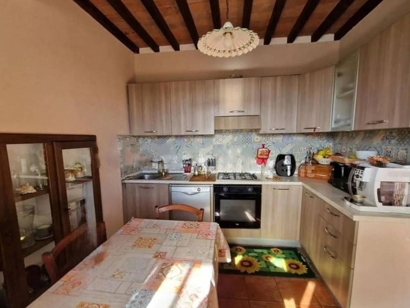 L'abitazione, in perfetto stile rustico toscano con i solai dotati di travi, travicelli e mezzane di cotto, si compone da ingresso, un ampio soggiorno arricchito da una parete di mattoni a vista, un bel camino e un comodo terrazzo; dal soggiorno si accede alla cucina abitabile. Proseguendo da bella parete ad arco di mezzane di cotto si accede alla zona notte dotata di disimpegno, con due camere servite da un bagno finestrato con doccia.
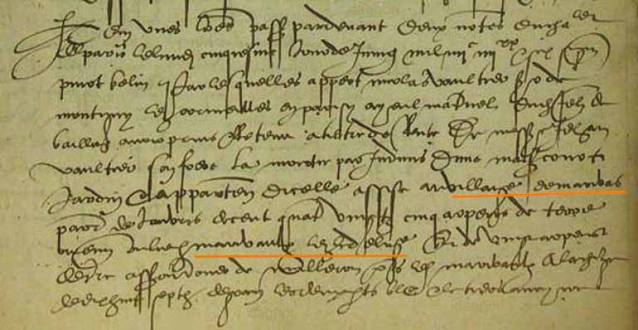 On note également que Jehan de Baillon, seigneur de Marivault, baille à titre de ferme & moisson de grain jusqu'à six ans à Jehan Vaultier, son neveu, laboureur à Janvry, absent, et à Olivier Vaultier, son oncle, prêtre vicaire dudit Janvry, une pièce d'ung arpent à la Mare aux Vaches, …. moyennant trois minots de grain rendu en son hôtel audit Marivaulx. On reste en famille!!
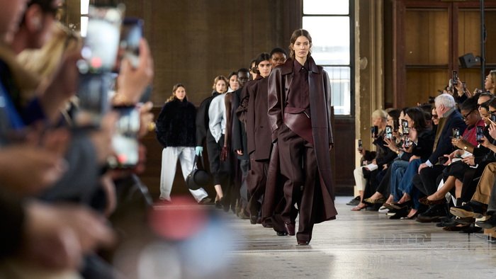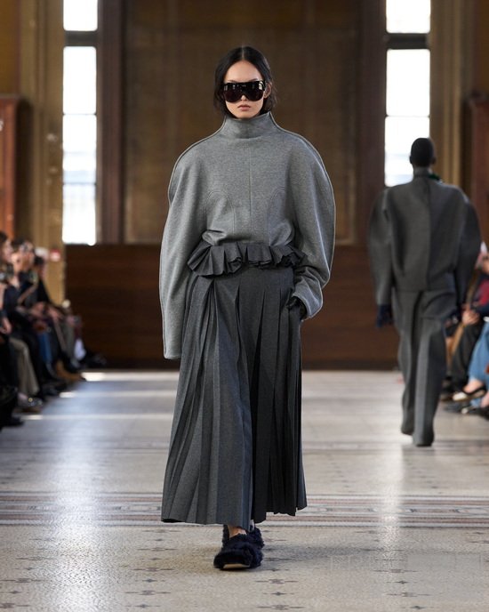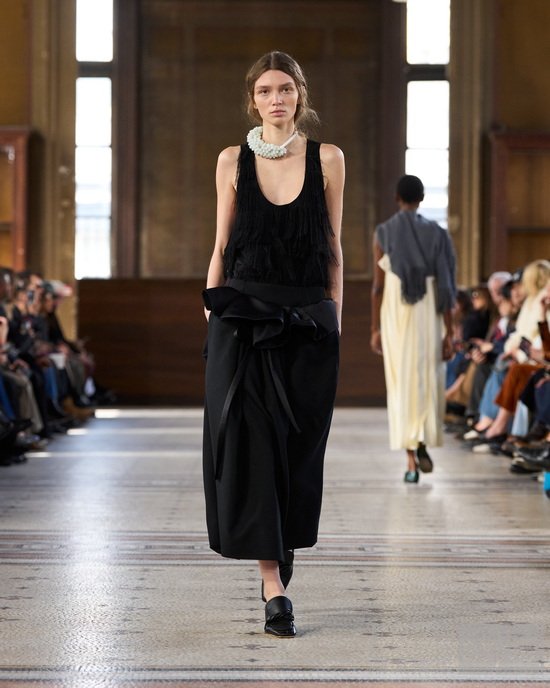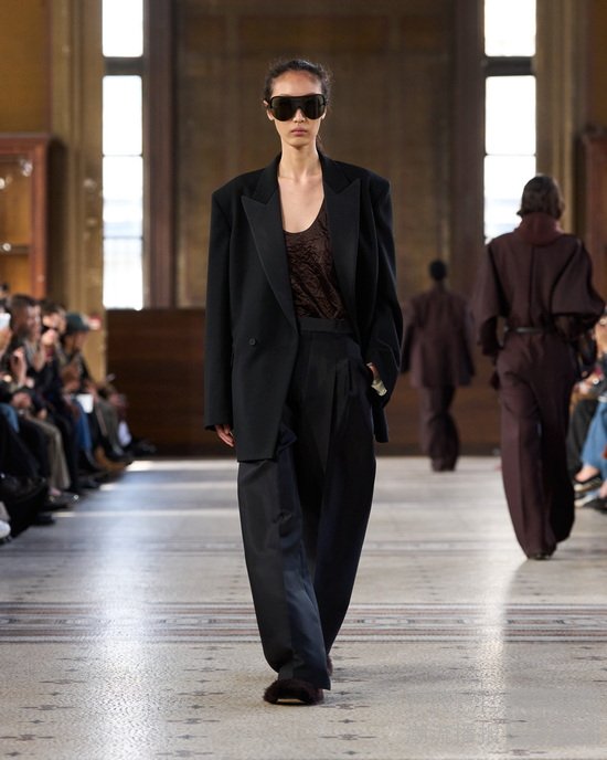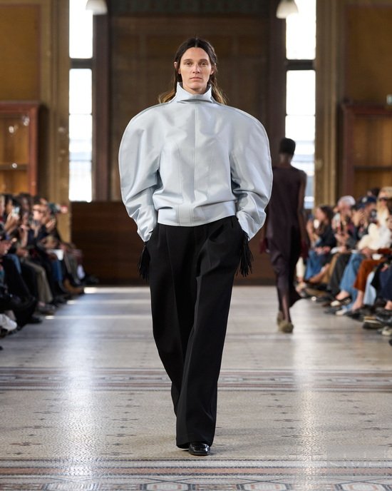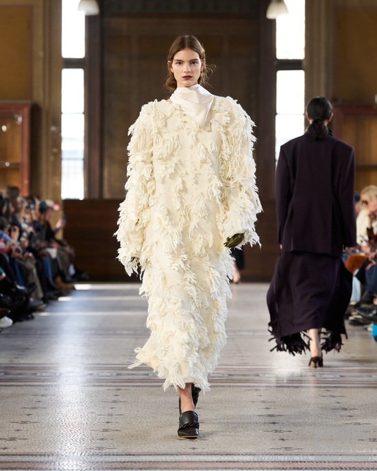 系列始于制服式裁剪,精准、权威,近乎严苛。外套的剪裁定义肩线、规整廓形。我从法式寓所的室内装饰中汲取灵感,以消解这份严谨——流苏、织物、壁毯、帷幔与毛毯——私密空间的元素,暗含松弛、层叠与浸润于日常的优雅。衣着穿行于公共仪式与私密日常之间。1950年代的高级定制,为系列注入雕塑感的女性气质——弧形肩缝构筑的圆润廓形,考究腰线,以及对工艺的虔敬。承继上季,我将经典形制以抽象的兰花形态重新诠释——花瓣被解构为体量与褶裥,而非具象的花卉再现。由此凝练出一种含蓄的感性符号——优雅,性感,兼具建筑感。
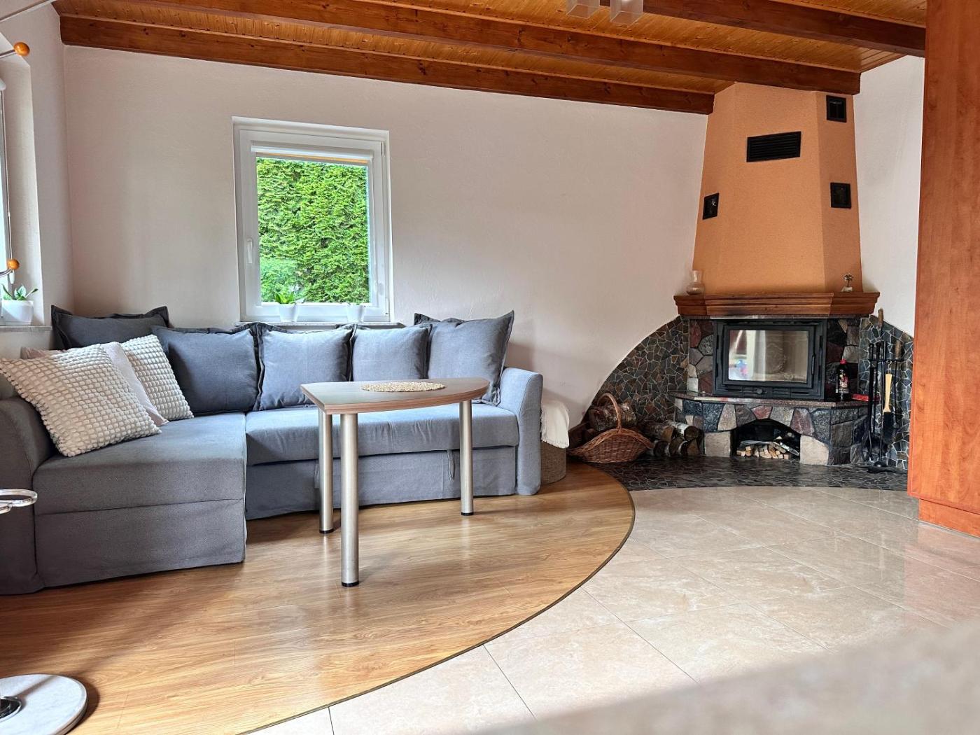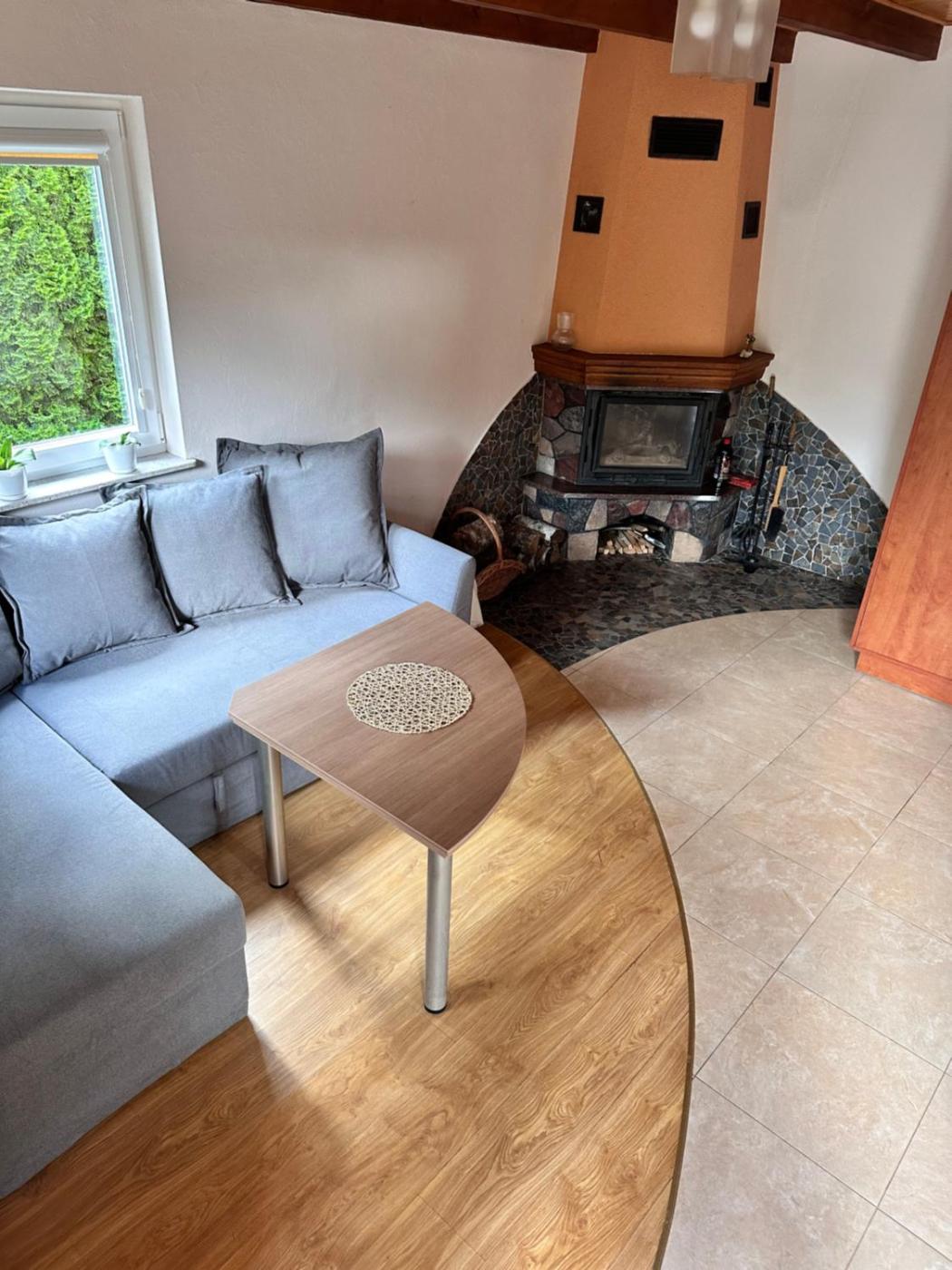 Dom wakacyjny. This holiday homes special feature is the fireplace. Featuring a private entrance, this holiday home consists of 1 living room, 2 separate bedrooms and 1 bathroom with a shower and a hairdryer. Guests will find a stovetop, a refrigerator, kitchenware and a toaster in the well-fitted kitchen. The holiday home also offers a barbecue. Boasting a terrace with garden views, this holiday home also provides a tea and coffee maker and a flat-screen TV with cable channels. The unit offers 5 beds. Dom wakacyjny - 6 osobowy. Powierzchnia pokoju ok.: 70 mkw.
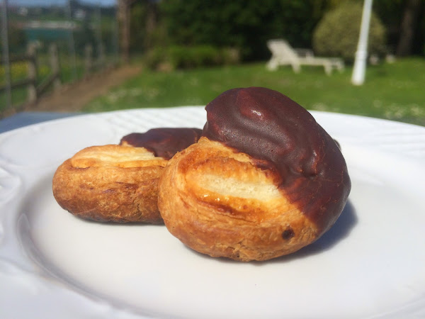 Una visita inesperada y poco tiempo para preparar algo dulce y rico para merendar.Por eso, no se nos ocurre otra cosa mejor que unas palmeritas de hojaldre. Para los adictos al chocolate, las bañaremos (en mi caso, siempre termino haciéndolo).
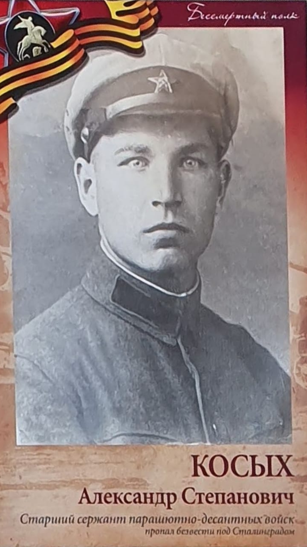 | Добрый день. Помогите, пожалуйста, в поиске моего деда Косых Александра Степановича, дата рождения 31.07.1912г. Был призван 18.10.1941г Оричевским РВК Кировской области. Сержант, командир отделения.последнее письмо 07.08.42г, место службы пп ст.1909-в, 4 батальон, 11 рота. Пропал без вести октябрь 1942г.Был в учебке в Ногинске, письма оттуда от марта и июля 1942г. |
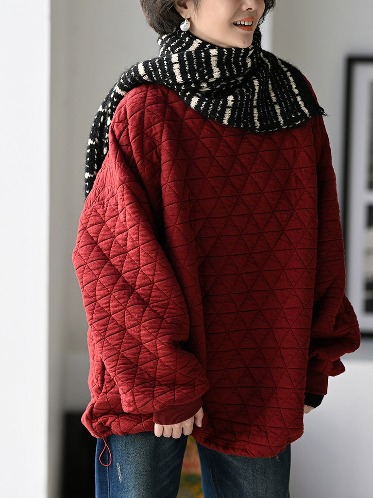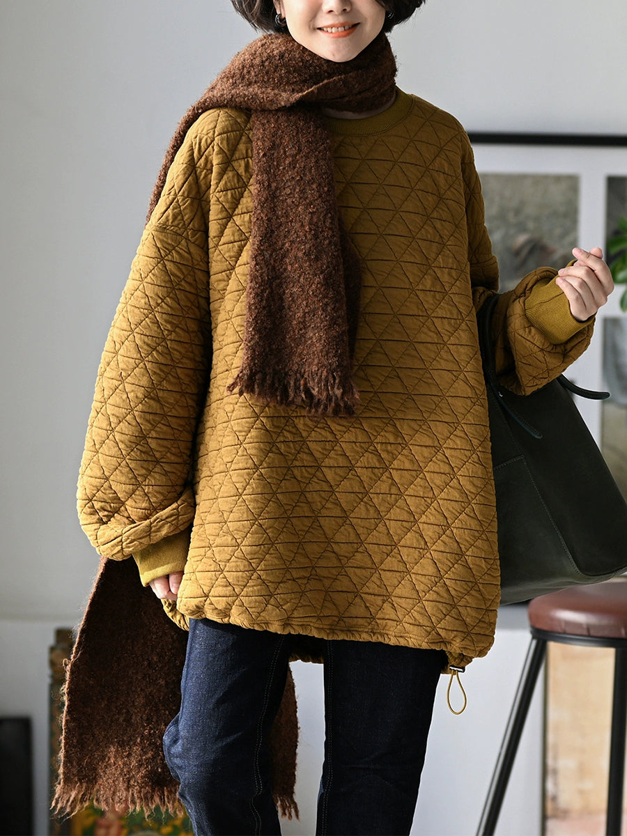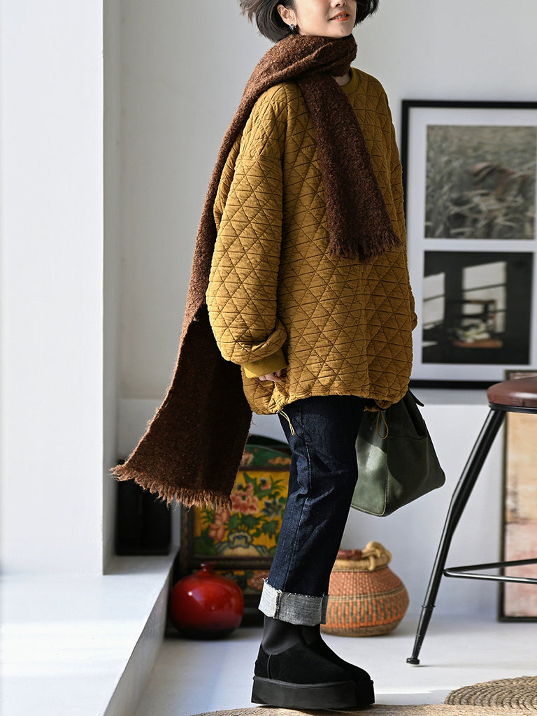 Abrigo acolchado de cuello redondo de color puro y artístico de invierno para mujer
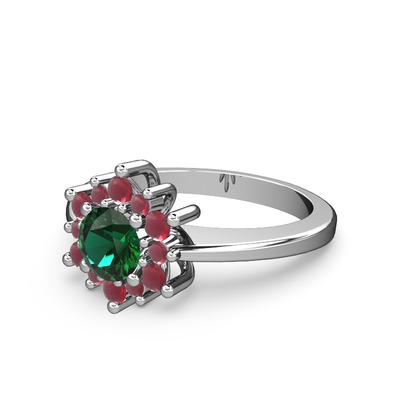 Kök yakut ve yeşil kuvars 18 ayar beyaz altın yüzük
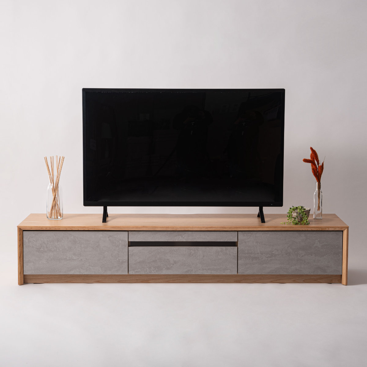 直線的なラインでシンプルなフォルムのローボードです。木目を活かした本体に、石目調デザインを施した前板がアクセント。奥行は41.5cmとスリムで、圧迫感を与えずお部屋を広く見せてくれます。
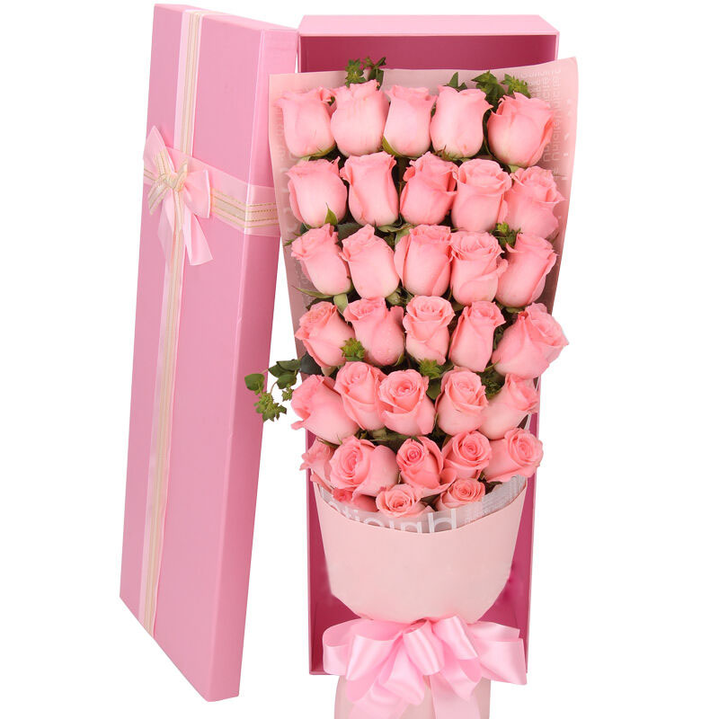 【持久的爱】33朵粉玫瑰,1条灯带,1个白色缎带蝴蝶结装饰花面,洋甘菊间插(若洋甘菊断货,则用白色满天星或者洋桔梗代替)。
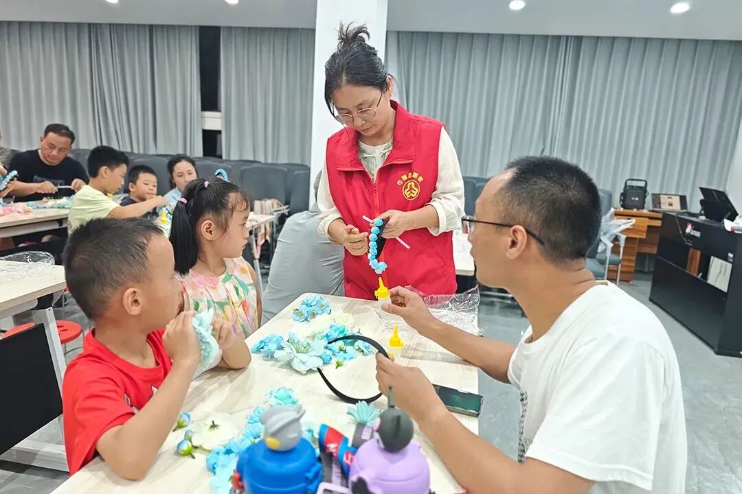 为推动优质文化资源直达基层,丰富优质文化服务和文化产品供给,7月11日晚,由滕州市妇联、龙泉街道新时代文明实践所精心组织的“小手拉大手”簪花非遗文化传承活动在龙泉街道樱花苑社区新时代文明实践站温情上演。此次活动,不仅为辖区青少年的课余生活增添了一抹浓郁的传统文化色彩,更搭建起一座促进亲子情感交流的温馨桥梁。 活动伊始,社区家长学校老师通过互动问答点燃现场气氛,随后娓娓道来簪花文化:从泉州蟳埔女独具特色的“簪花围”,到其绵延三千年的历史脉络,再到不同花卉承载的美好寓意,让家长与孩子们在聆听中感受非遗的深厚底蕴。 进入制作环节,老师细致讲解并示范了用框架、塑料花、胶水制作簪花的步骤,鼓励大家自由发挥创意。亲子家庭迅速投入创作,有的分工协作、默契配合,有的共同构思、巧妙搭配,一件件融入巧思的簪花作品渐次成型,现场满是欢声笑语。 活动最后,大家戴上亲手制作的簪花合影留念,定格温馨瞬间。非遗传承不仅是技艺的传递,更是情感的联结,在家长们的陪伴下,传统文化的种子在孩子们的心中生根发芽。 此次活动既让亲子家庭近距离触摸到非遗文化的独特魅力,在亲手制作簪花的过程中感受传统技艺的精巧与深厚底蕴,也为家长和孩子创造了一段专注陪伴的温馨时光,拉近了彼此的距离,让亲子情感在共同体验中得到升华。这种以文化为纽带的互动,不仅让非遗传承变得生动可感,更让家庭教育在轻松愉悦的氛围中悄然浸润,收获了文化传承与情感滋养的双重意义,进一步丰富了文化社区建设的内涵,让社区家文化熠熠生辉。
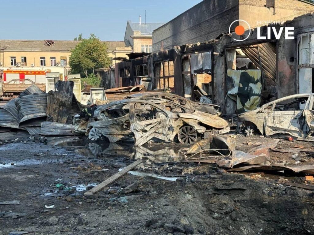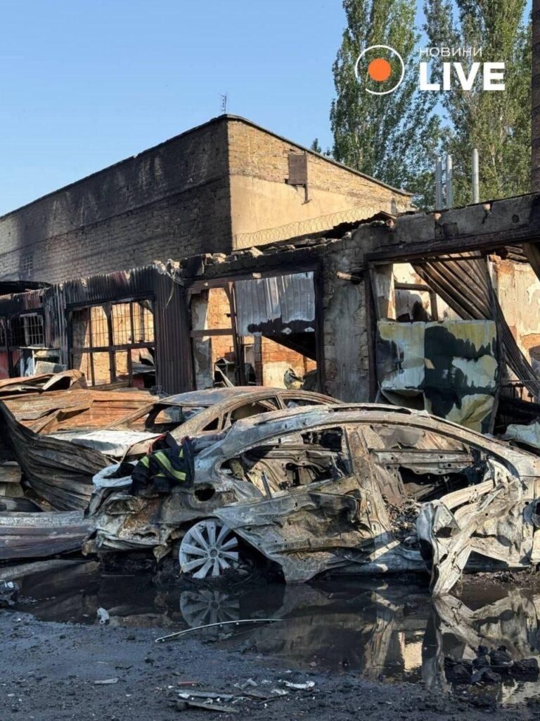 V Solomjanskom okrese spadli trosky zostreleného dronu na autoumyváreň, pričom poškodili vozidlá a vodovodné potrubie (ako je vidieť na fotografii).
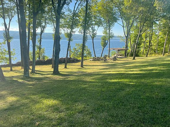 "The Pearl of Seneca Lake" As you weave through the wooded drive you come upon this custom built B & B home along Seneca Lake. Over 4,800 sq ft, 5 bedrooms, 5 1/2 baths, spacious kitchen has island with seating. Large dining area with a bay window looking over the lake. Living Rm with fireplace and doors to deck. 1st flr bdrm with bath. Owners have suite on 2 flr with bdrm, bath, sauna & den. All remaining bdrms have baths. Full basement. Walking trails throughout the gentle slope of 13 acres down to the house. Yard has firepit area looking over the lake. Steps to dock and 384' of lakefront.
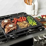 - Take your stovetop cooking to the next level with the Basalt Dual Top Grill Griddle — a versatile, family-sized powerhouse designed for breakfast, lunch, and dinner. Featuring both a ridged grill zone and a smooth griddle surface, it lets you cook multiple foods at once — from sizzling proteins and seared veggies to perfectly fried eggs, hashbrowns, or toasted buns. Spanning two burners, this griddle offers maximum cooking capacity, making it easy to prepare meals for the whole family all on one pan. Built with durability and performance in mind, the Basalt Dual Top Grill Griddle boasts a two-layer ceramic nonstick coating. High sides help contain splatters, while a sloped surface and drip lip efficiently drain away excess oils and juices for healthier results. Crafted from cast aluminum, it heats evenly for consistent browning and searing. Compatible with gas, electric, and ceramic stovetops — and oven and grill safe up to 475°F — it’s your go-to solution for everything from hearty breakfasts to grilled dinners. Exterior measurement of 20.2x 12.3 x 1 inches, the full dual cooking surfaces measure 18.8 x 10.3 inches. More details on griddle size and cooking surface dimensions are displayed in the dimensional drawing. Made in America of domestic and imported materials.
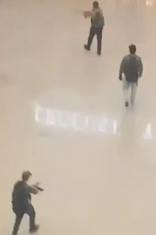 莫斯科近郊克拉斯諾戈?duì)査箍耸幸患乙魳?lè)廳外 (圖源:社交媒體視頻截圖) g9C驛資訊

────────

EXERCISE GOAL ▸
Write out, word for word, only the lines from the one containing "384' of lakefront." to the end of the data above; the pictures stay out.

EXPECTED ANSWER ▸
 "The Pearl of Seneca Lake" As you weave through the wooded drive you come upon this custom built B & B home along Seneca Lake. Over 4,800 sq ft, 5 bedrooms, 5 1/2 baths, spacious kitchen has island with seating. Large dining area with a bay window looking over the lake. Living Rm with fireplace and doors to deck. 1st flr bdrm with bath. Owners have suite on 2 flr with bdrm, bath, sauna & den. All remaining bdrms have baths. Full basement. Walking trails throughout the gentle slope of 13 acres down to the house. Yard has firepit area looking over the lake. Steps to dock and 384' of lakefront.
 - Take your stovetop cooking to the next level with the Basalt Dual Top Grill Griddle — a versatile, family-sized powerhouse designed for breakfast, lunch, and dinner. Featuring both a ridged grill zone and a smooth griddle surface, it lets you cook multiple foods at once — from sizzling proteins and seared veggies to perfectly fried eggs, hashbrowns, or toasted buns. Spanning two burners, this griddle offers maximum cooking capacity, making it easy to prepare meals for the whole family all on one pan. Built with durability and performance in mind, the Basalt Dual Top Grill Griddle boasts a two-layer ceramic nonstick coating. High sides help contain splatters, while a sloped surface and drip lip efficiently drain away excess oils and juices for healthier results. Crafted from cast aluminum, it heats evenly for consistent browning and searing. Compatible with gas, electric, and ceramic stovetops — and oven and grill safe up to 475°F — it’s your go-to solution for everything from hearty breakfasts to grilled dinners. Exterior measurement of 20.2x 12.3 x 1 inches, the full dual cooking surfaces measure 18.8 x 10.3 inches. More details on griddle size and cooking surface dimensions are displayed in the dimensional drawing. Made in America of domestic and imported materials.
 莫斯科近郊克拉斯諾戈?duì)査箍耸幸患乙魳?lè)廳外 (圖源:社交媒體視頻截圖) g9C驛資訊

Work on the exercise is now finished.